The best time to do it is in the afternoon (after your meetings) or night time before going to bed. All you need is a comfortable place to lie down.
- Scan your body, gradually move your awareness through your body (from top to toes right side and from toes to top left side and from back to front side). Rotate and visualize each and every part of your body. Experience sensations in single body parts.
- Bring attention to your breathing (do deep abdominal breathing). Observe the natural flow of air in the nostrils, throat and rib cage and the rise and fall of the abdomen with each breath.
- Count backwards on your breath from 11 to 1.
- Recall your day mentally, all your activities from the morning to the evening. That gives deep relaxation.

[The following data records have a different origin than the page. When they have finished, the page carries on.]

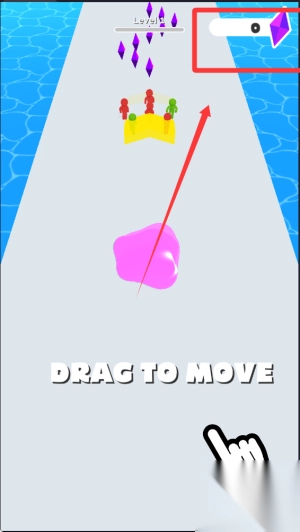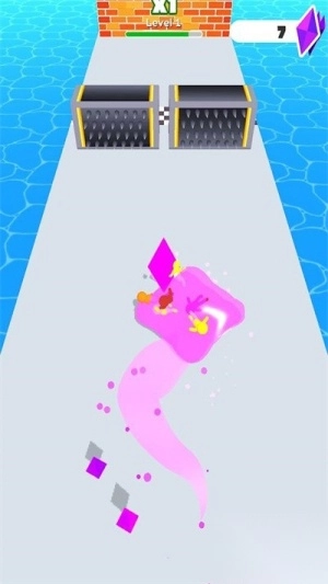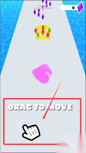 1、基础玩法是通过滑动屏幕控制史莱姆移动,在赛道上吞噬小人提升体积,同时灵活躲避各种障碍物。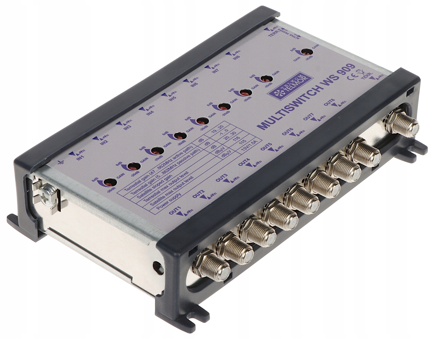 WS-909 — это усилитель, предназначенный для 9-полосных мультисвичных установок (HotBird + ASTRA). Устройство используется для усиления сигнала мультисвитч-шины при большом количестве мультисвичей или очень больших расстояниях между мультисвитчами или мультисвичем и спутниковой антенной. Усилитель имеет встроенную коррекцию характеристики кабеля (наклон характеристики 10 дБ). Преимуществом WS-909 является очень высокий максимальный выходной уровень сигнала усилителя как на спутниковых, так и наземных телеканалах. Это позволяет устанавливать усилитель на небольших расстояниях от спутниковой антенны, без риска перегрузки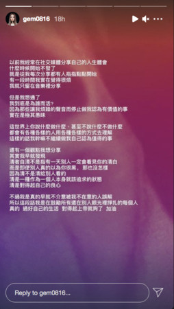 最后,邓紫棋也坦言,最后,写下这段话的确很需要勇气,因为很多人会开始猜测她发这些文字的原因,但她强调:“我是一个天天都在reflect(反思)自己生活的人,真的别担心。我极有可能只是坐在哪儿,看著蓝天,然后有所感悟。”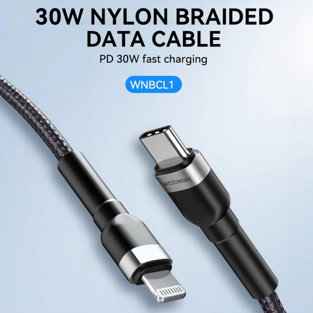 Kabel Wozinsky WNBCL1 zapewnia błyskawiczne ładowanie urządzeń Apple dzięki technologii USB-C do Lightning z funkcją Power Delivery 30W. Zaprojektowany, aby wytrzymać intensywne użytkowanie: jego nylonowa powłoka jest do 10 razy trwalsza niż standardowe kable. Niezawodność w każdych warunkach, wysoka jakość transmisji danych oraz mocne, wytrzymałe złącza czynią ten kabel niezastąpionym akcesorium dla każdego użytkownika urządzeń Apple.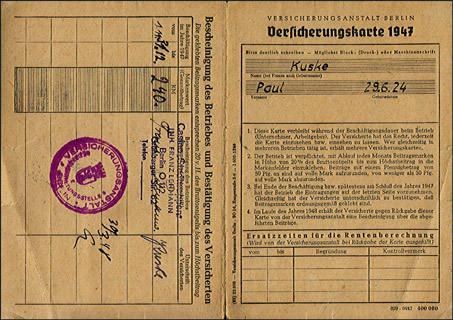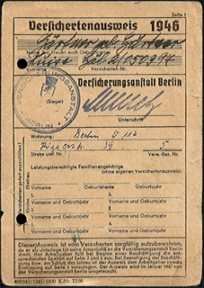 | Karte für Arbeitnehmer (unstetig Beschäftigte) | mit diversen Wertmarken - in RM und DM Währung | ||||||||||||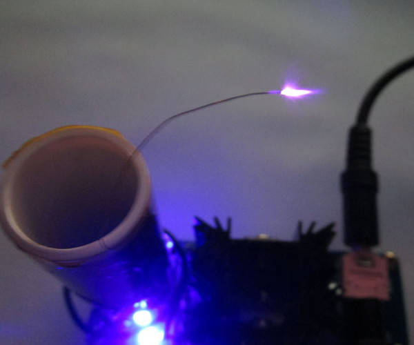 Feature: On the basis of ordinary tesla, added a music playback function: A new concept loudspeaker for generating acoustic vibrations of air generated by an arc excited air! Can play mobile / computer music, the sound quality is clear. Voltage input 15-24V DC, when arc length 24V, 5 - 10 mm meters is the most ideal, small size, can work uninterruptedly for a long time, but also can light up the LED from a distance, foam energy-saving lamp, flash tube, can play radio transmission, rotating arc etc..
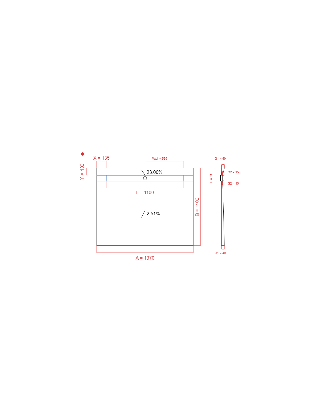 | Douchegoot maat | 1100 mm |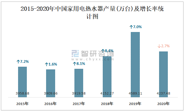 2015-2020年中國家用電熱水器產量及增長率統計圖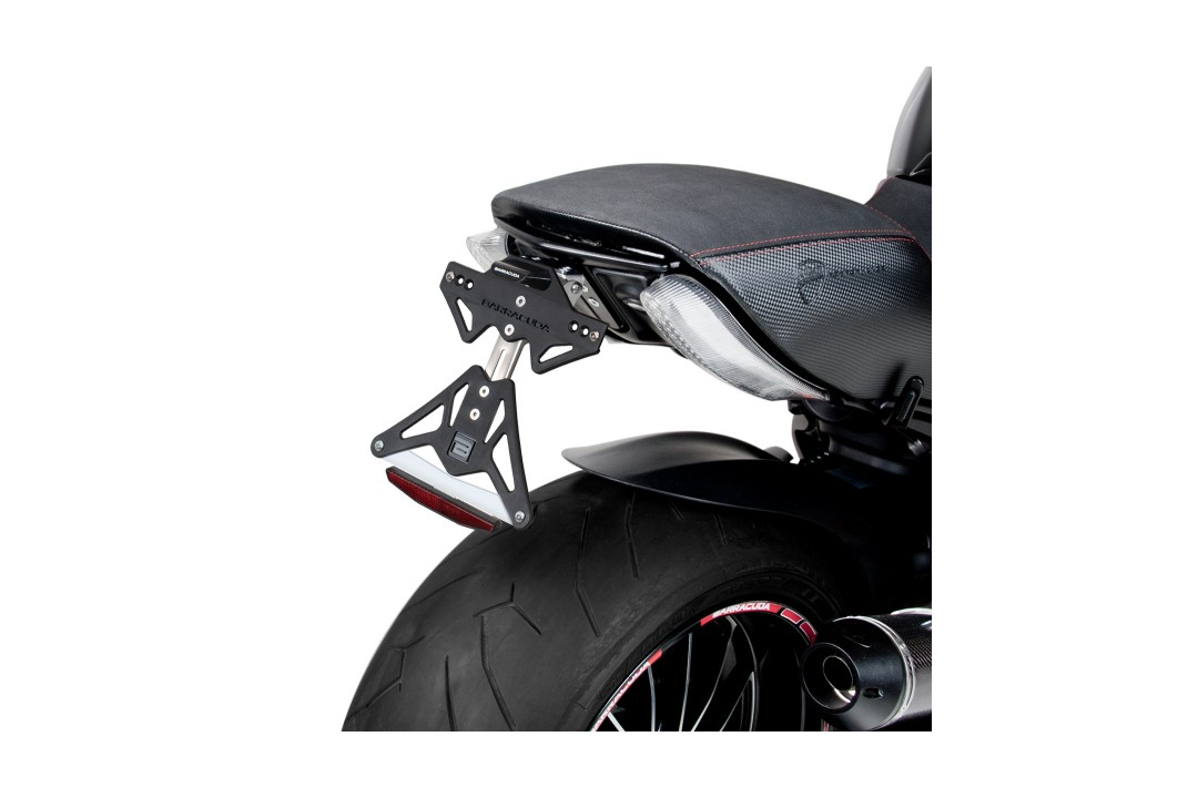 Der Barracuda Kennzeichenhalter passend für Ducati Diavel 2014–2018 wird aus hochwertigem, schwarz eloxiertem Aluminium gefertigt und überzeugt durch seine langlebige, edle Oberfläche. Das stabile Scharnier aus Edelstahl sorgt für eine sichere Befestigung, minimiert Vibrationen und bietet eine präzise Einstellbarkeit des Neigungswinkels. Dank der fahrzeugspezifischen Entwicklung ist eine exakte Passform für Ihre Ducati Diavel gewährleistet. Die Haltewinkel für Blinker sind geschraubt und lassen sich an verschiedene Kennzeichengrößen anpassen. Bitte beachten Sie, dass Kennzeichenbeleuchtung (Art.-Nr. BC-N1002) und Rückstrahler (Art.-Nr. BC-NCAT) separat bestellt werden müssen. Alle benötigten Montageschrauben sind im Lieferumfang enthalten.

If you feel it is difficult to follow your own instructions, then it might help being guided by an instructor’s voice. Follow the YouTube link below! This Yoga Nidra instruction is the most similar to the Yoga Nidra class given at Divine Yoga, Bangkok. Search on YouTube for: “Yoga Nidra – Beginners by Swami Niranjanananda Saraswati”
6. AUM Mantra Chanting
All mantras have intense physical and mental benefits. They relieve stress and tensions. The rhythm and sound of the chanting move energy through the body. The movement of energy regulates the chemicals in our brains. Mantras enhance positive alpha waves which give deep mental relaxation. The easiest and most beneficial mantra is the ‘AUM’ Mantra.
For this as well, if you feel uncomfortable to hear your own voice alone, you can chant synchronic with one of the many Aum mantras you can find on YouTube. It can be done in the sitting position on a chair or on the bed.
Recommended amount: 5-11 times.
* (PW1) The Pawanmuktasana series were introduced by Swami Satyananda Saraswati from Bihar School of Yoga, India.